**Goal of the exercise:**
Beneath this task are records; print exactly the stretch of them from the line with "Featuring a front" through the line with "6 Inch Plant", both ends included.

#### Input for this task

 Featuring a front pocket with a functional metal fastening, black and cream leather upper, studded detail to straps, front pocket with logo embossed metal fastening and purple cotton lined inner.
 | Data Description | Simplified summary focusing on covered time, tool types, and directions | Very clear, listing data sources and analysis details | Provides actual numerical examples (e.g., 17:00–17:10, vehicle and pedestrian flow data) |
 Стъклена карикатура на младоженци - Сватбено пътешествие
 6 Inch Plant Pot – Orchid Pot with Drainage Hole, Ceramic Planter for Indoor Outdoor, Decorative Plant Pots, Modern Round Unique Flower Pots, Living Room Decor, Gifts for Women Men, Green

########
#### Input for this task

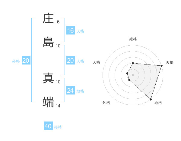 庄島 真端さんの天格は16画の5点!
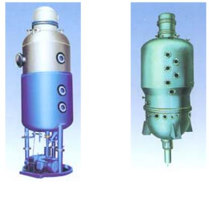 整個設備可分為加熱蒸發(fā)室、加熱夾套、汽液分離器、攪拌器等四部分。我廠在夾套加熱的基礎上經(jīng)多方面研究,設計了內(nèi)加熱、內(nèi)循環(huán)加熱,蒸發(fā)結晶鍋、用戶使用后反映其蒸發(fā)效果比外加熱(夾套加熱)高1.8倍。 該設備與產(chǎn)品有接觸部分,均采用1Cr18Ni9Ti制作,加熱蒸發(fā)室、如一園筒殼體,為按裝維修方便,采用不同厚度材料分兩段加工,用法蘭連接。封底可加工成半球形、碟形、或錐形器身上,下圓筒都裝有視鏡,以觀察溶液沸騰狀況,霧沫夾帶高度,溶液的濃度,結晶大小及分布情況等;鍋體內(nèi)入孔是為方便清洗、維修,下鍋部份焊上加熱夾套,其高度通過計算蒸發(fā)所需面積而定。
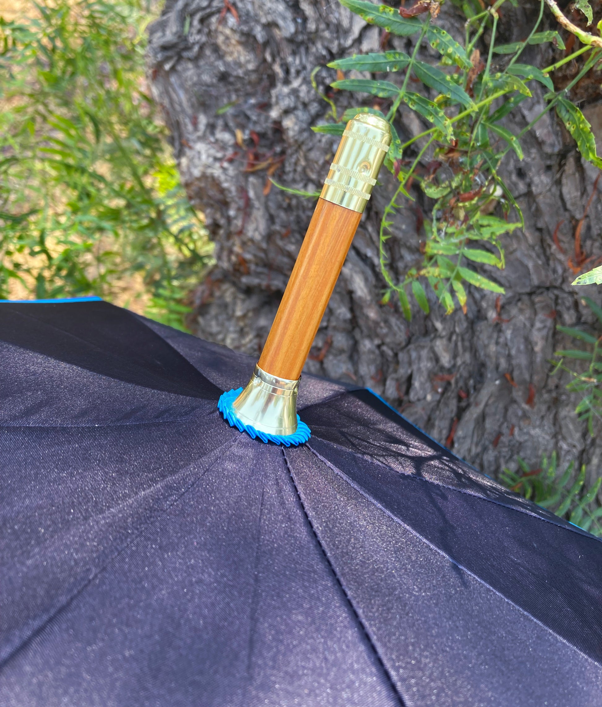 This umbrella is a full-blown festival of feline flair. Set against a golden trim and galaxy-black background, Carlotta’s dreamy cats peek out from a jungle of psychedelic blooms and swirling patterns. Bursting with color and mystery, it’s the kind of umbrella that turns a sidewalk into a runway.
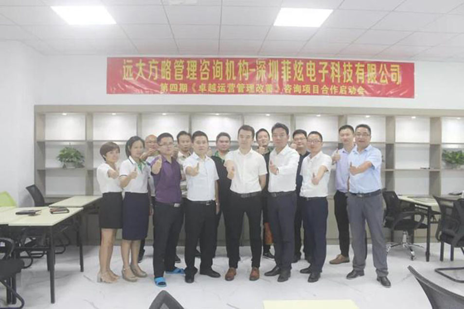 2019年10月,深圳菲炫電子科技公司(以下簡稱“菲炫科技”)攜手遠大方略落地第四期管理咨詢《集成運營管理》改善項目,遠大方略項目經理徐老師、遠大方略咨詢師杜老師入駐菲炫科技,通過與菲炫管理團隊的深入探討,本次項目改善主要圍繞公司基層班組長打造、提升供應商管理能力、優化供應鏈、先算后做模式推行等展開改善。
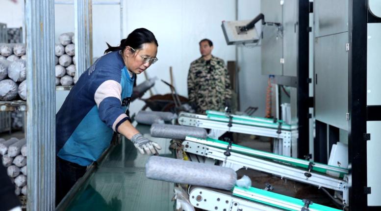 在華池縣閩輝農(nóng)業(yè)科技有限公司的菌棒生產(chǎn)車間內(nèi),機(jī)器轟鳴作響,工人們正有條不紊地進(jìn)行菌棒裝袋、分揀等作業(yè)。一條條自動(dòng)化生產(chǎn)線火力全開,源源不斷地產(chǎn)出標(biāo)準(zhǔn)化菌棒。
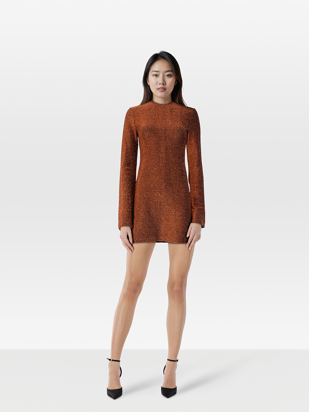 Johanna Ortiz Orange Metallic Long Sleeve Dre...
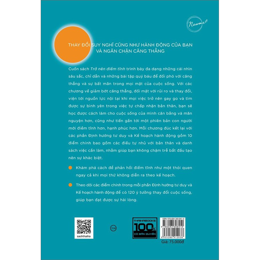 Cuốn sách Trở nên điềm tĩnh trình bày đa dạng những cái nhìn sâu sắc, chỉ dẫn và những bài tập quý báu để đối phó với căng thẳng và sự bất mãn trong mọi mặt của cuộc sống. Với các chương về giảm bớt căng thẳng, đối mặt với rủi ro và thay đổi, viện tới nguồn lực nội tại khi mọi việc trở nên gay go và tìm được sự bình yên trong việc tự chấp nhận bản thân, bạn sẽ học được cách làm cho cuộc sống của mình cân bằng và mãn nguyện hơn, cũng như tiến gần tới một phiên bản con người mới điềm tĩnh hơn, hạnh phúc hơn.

########
#### Input for this task

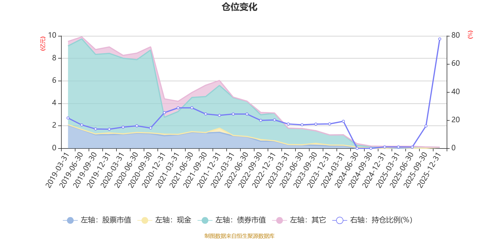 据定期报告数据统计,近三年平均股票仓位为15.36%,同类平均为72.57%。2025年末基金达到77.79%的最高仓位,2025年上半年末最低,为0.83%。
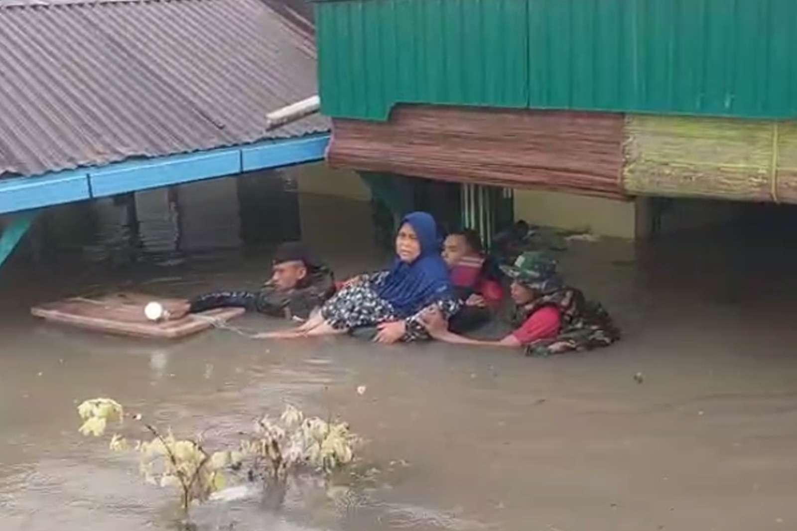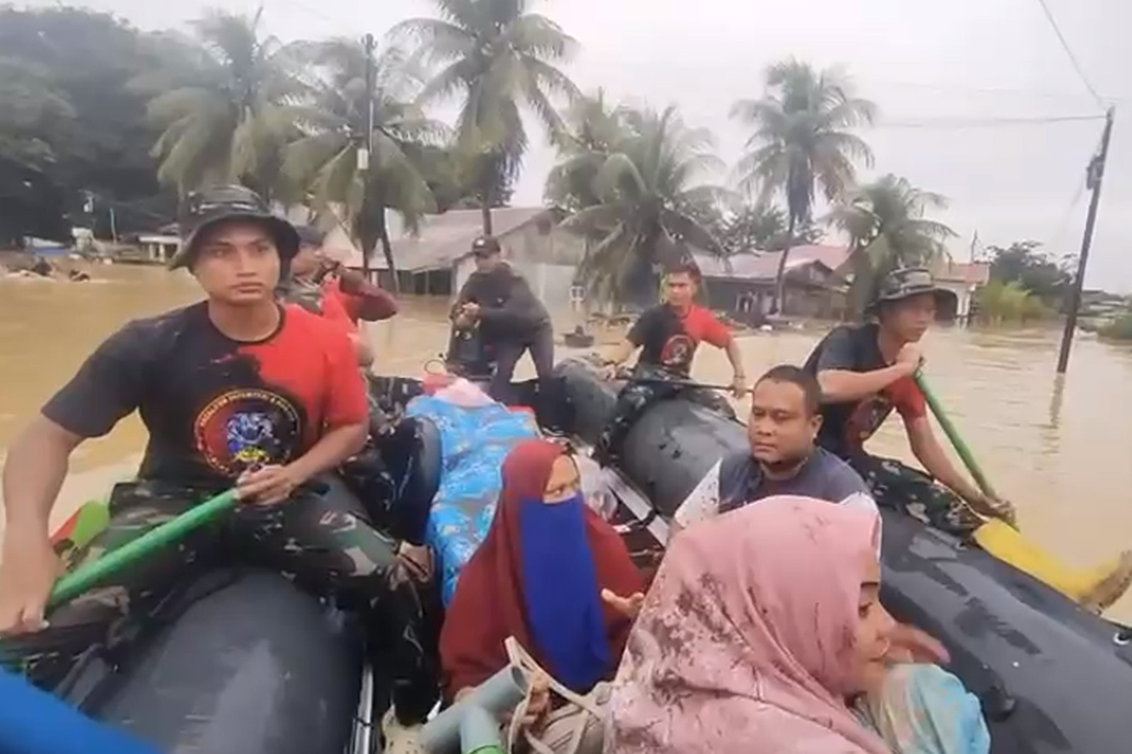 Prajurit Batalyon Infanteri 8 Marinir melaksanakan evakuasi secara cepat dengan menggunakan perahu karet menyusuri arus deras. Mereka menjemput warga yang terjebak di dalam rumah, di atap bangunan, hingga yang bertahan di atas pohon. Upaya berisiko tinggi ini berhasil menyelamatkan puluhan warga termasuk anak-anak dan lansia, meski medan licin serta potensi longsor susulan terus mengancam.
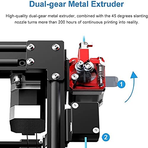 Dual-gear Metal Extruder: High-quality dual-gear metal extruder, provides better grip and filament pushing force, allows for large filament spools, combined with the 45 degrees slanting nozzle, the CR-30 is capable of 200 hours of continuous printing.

########

**Finished task:**
 Featuring a front pocket with a functional metal fastening, black and cream leather upper, studded detail to straps, front pocket with logo embossed metal fastening and purple cotton lined inner.
 | Data Description | Simplified summary focusing on covered time, tool types, and directions | Very clear, listing data sources and analysis details | Provides actual numerical examples (e.g., 17:00–17:10, vehicle and pedestrian flow data) |
 Стъклена карикатура на младоженци - Сватбено пътешествие
 6 Inch Plant Pot – Orchid Pot with Drainage Hole, Ceramic Planter for Indoor Outdoor, Decorative Plant Pots, Modern Round Unique Flower Pots, Living Room Decor, Gifts for Women Men, Green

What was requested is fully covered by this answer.